---- Given material

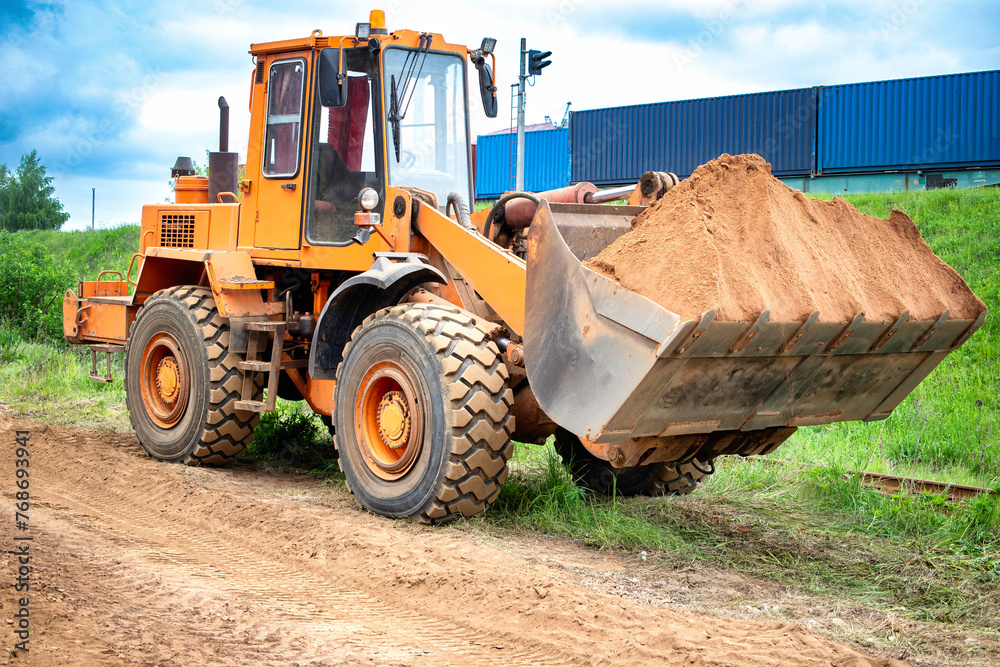 A bright yellow tractor or a loader is stationary on a dusty dirt road in a rural area
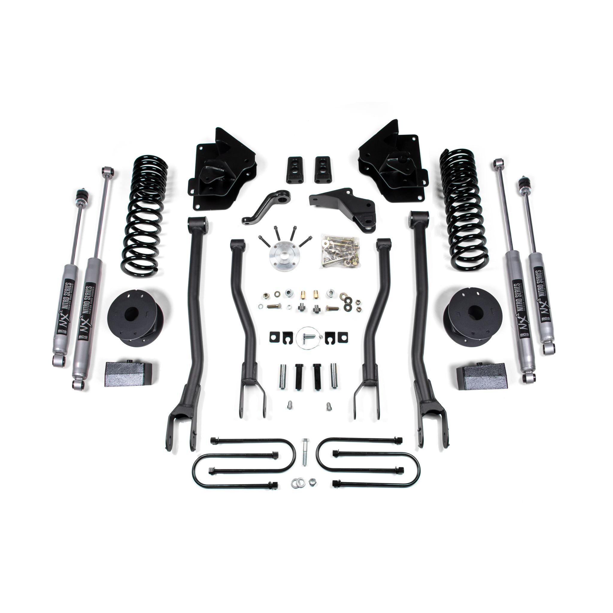 <p>Convert the factory stamped steel radius arms over to the BDS 4-link to optimize suspension geometry for better handling characteristics while adding strength and stability. This bolt-on upgrade utilizes high-strength 1/4-inch steel brackets that allow mounting of HD upper and lower control arms to correct axle positioning while limiting caster change throughout wheel travel.</p>
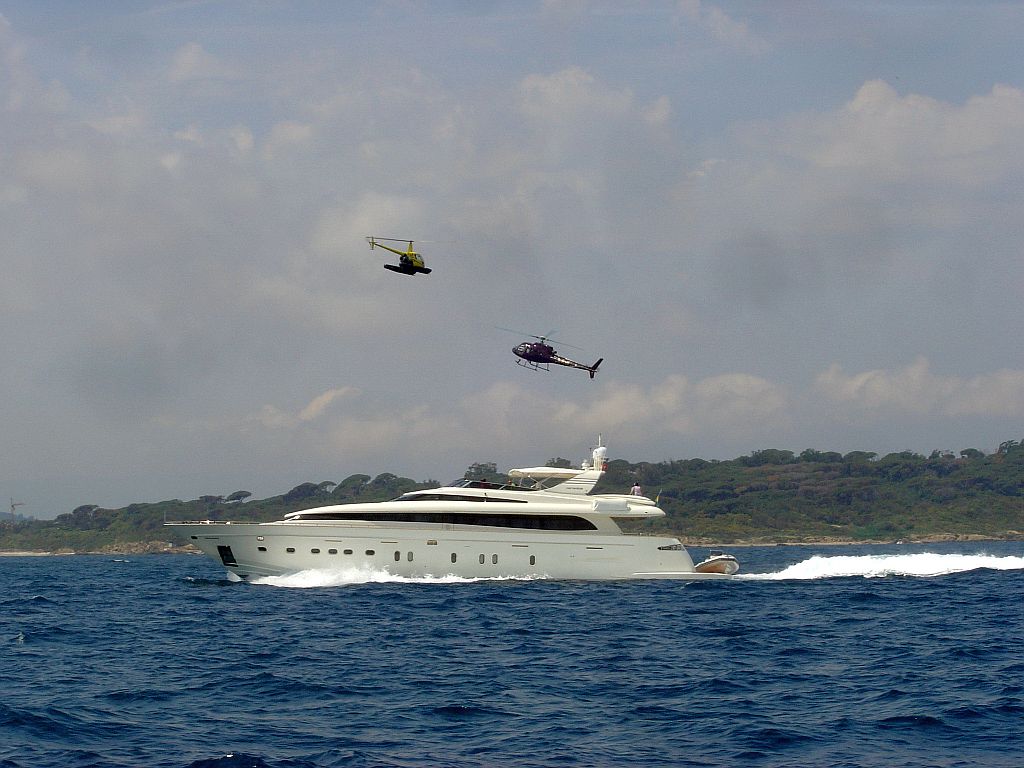 Au Large de Saint Tropez, grosse vedette chassé par 2 hélicoptères de paparazzi.
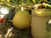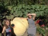 334 House looking GREAT. Will not cull one instead will leave the second as a "for her little sister" pumpkin. Growing two plants out of the same pot worked fine last year.... 2400 lbs of pumpkins!!! I don't have a dump truck load of goat manure mixed with alfalfa (then left to compost for 2-3 years) to plant into this year, though, so it will certainly be a challenge for me to be that successful again.

--------

- **Exercise details**: Give back, unaltered, each line of the listing from the first to the line that contains "Au Large de", leaving every picture out.

- **Answer for the task**:
 A bright yellow tractor or a loader is stationary on a dusty dirt road in a rural area
 <p>Convert the factory stamped steel radius arms over to the BDS 4-link to optimize suspension geometry for better handling characteristics while adding strength and stability. This bolt-on upgrade utilizes high-strength 1/4-inch steel brackets that allow mounting of HD upper and lower control arms to correct axle positioning while limiting caster change throughout wheel travel.</p>
 Au Large de Saint Tropez, grosse vedette chassé par 2 hélicoptères de paparazzi.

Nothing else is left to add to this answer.